▸ **What you should do**:
Retype the data exactly, from its first line to the line containing "要达到下一阶段奖励,特斯拉必", including both, and skip any picture.

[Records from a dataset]
+-------+
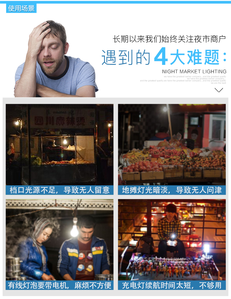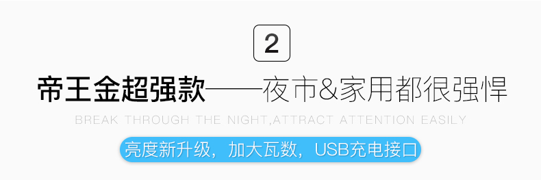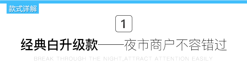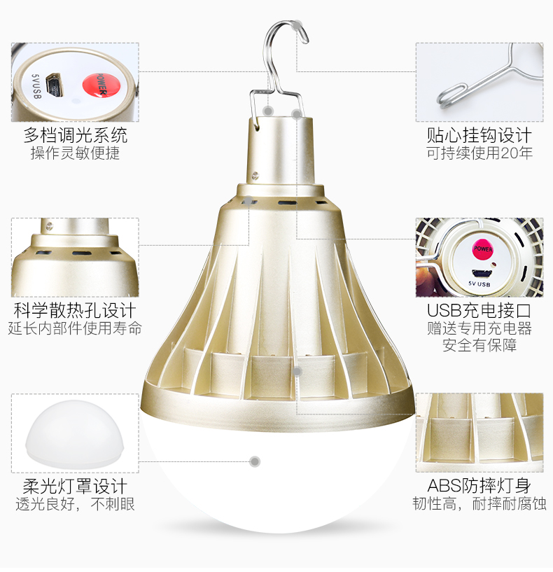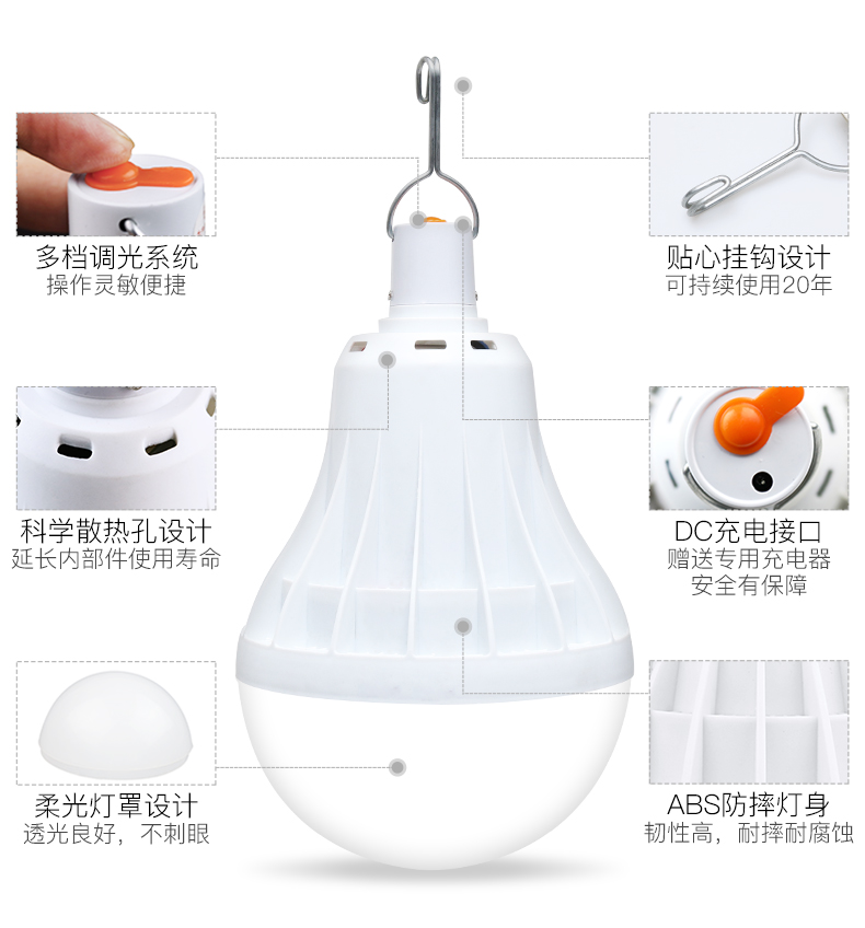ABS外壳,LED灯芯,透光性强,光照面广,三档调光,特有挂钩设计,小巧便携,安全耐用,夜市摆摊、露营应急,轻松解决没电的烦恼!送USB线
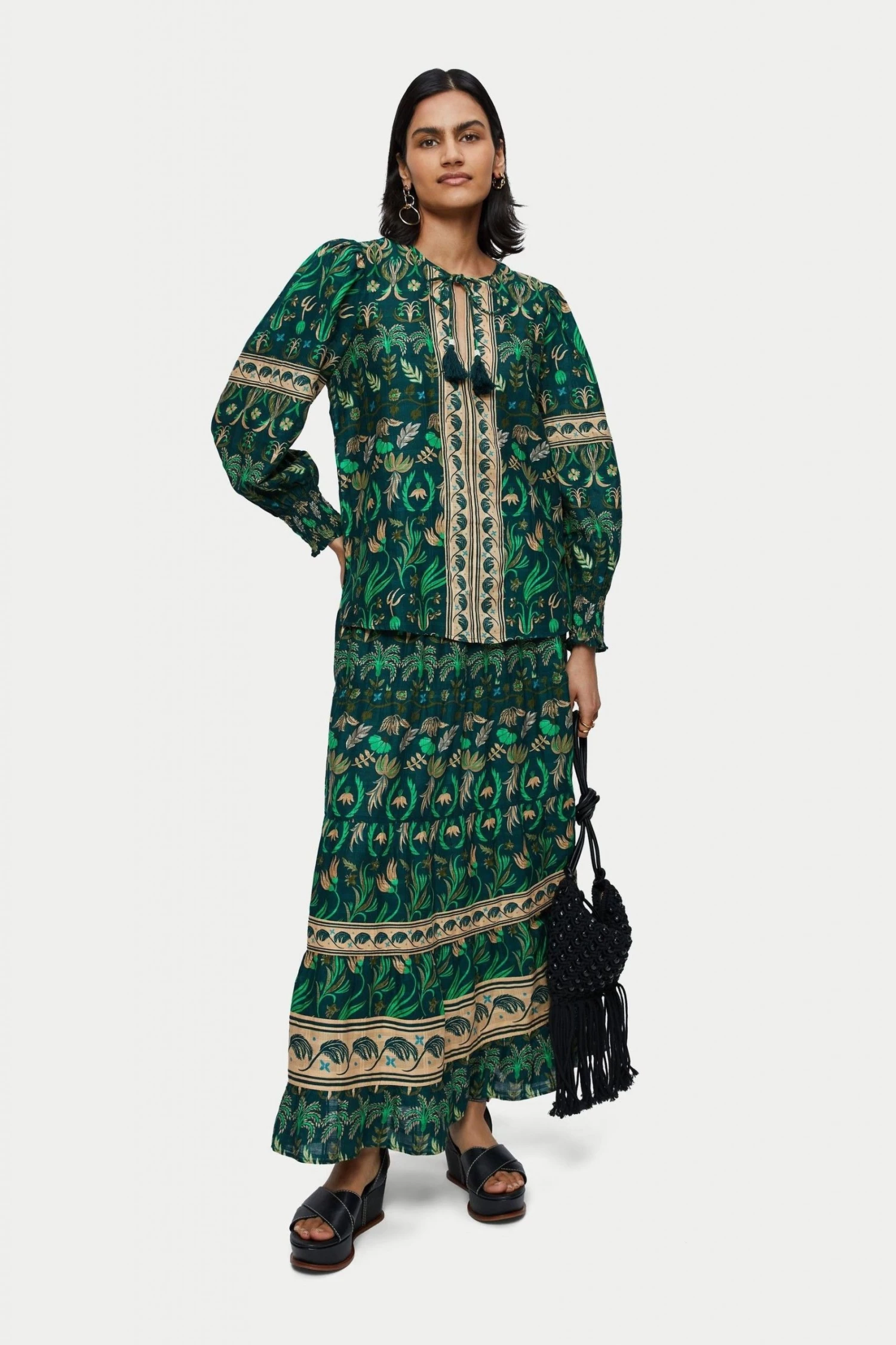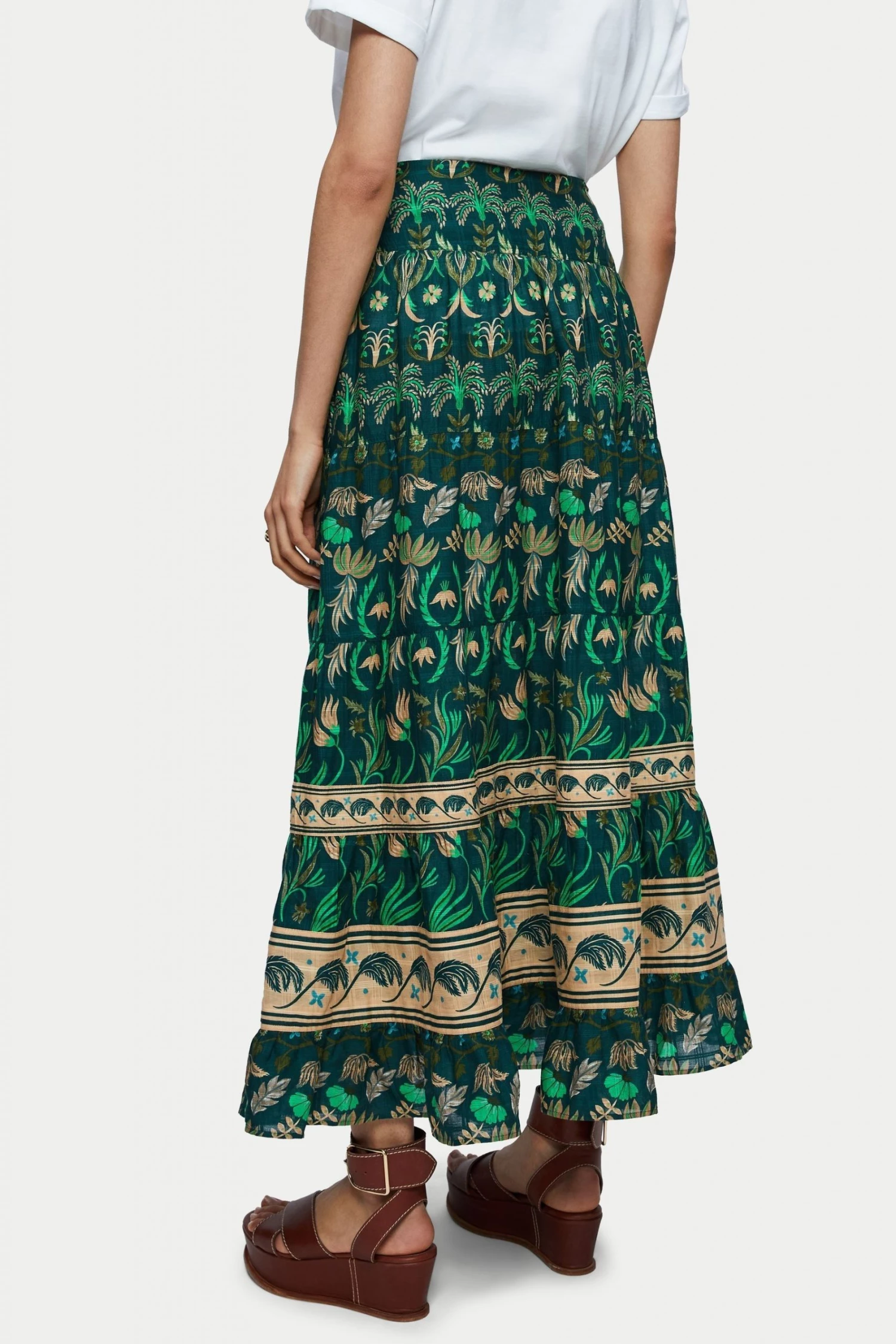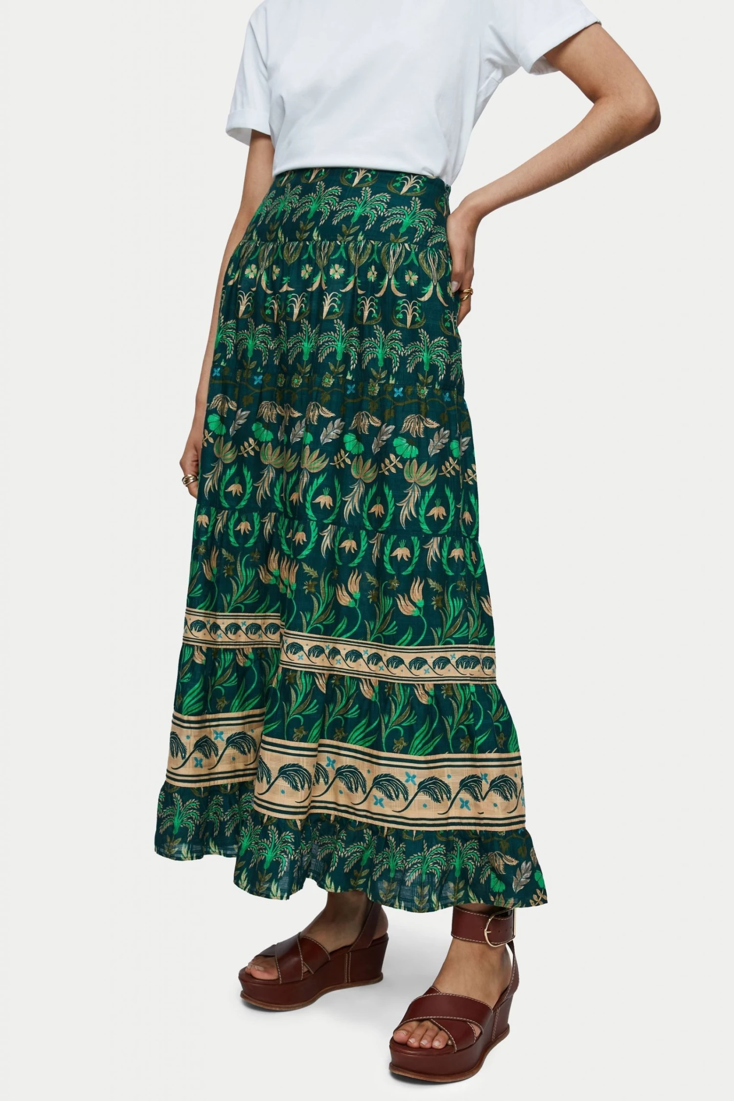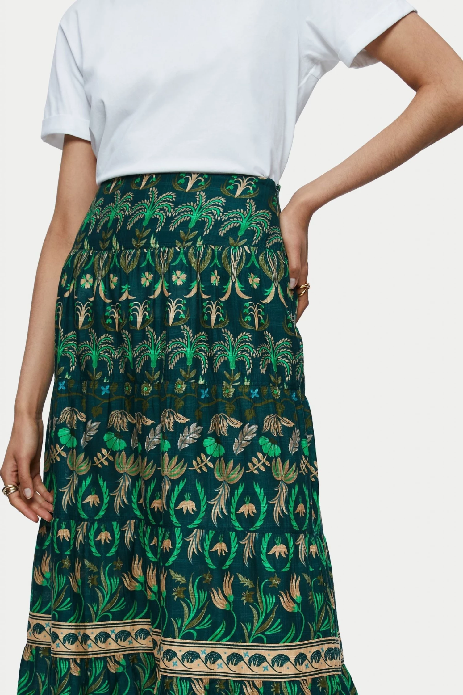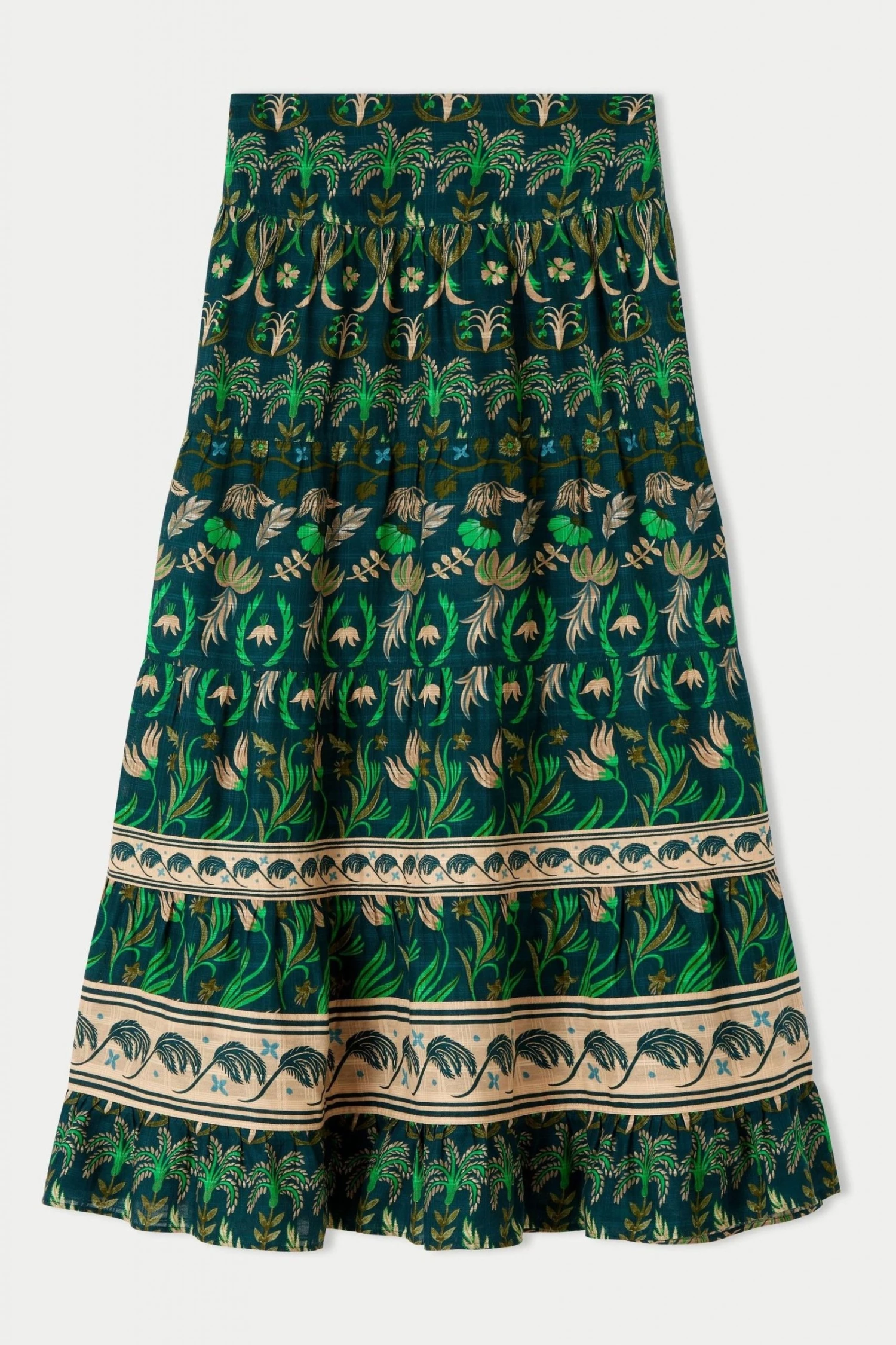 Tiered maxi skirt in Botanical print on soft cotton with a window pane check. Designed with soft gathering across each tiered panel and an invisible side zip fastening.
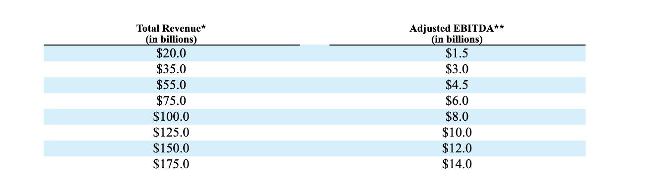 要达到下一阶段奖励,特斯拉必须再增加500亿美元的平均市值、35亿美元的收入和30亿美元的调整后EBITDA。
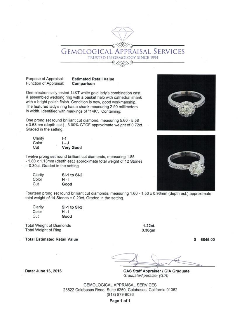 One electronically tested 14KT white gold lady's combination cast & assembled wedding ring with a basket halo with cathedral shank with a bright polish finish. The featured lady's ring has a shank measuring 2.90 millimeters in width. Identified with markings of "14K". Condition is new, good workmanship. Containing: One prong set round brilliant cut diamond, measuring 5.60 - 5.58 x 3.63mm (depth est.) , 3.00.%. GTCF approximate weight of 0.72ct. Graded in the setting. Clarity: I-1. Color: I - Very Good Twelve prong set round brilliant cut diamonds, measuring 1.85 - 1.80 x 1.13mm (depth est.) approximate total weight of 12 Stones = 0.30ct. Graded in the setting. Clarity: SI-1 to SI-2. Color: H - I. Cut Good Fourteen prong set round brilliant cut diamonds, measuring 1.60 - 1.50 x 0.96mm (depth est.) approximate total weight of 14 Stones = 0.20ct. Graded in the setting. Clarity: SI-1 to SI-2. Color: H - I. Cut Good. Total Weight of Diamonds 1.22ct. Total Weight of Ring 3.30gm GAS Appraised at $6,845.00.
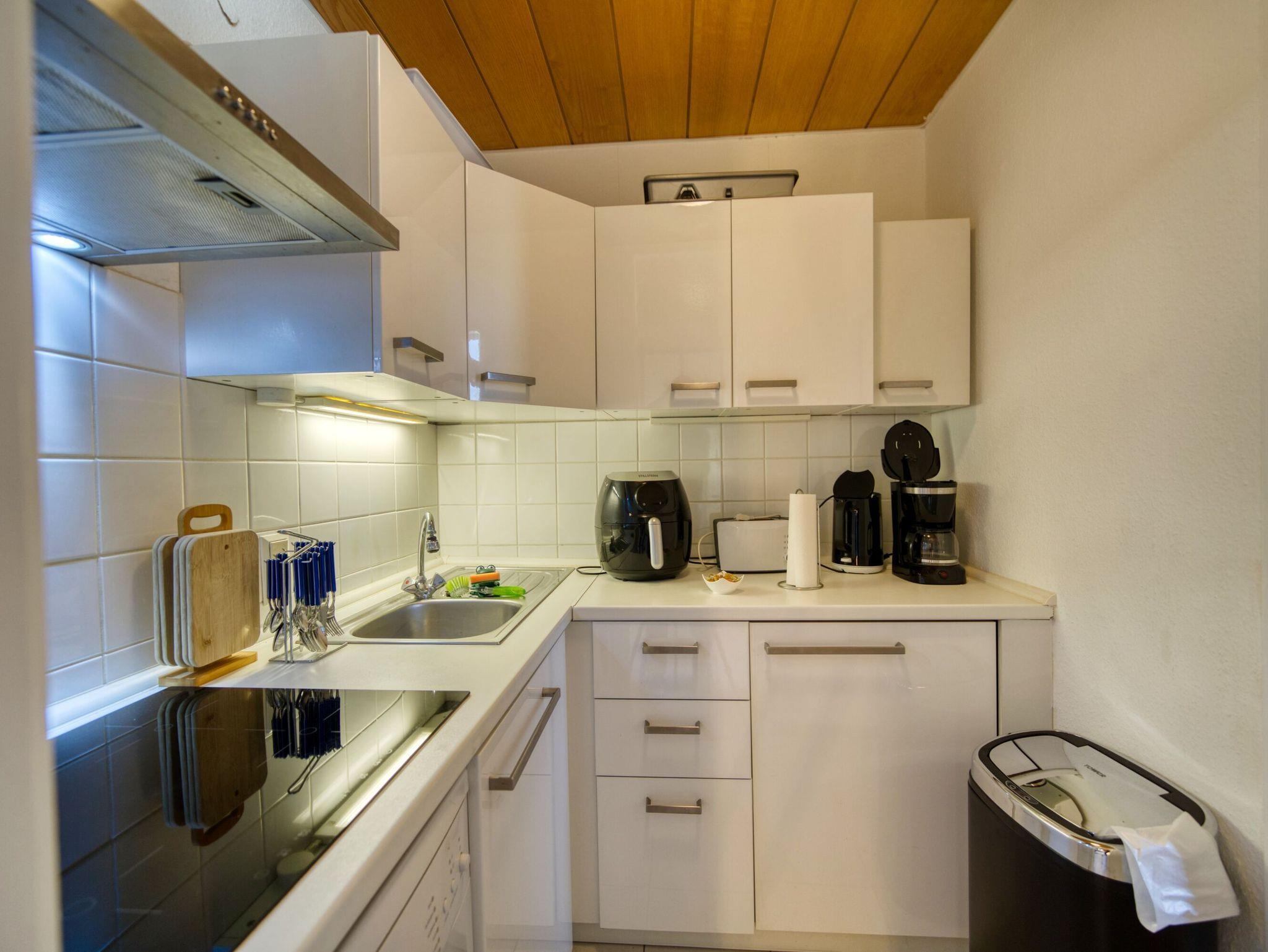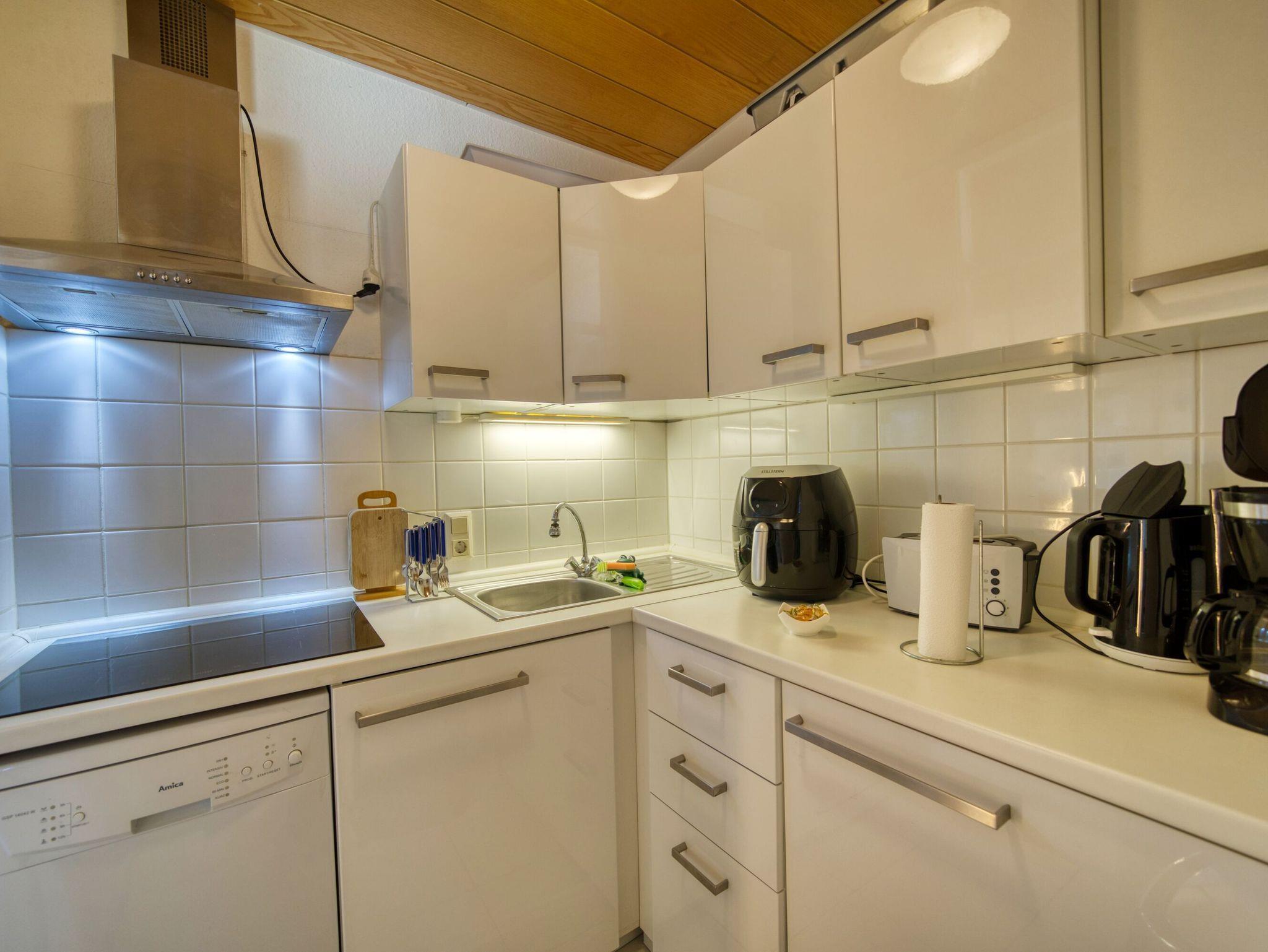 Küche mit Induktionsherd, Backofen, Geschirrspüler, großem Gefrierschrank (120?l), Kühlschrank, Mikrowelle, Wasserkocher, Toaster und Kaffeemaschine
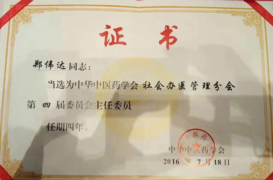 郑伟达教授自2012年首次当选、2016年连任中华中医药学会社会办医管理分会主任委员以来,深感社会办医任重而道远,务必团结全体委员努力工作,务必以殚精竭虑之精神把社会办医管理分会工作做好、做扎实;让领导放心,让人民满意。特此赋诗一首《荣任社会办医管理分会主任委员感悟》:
+-------+
▸ **Your response**:
ABS外壳,LED灯芯,透光性强,光照面广,三档调光,特有挂钩设计,小巧便携,安全耐用,夜市摆摊、露营应急,轻松解决没电的烦恼!送USB线
 Tiered maxi skirt in Botanical print on soft cotton with a window pane check. Designed with soft gathering across each tiered panel and an invisible side zip fastening.
 要达到下一阶段奖励,特斯拉必须再增加500亿美元的平均市值、35亿美元的收入和30亿美元的调整后EBITDA。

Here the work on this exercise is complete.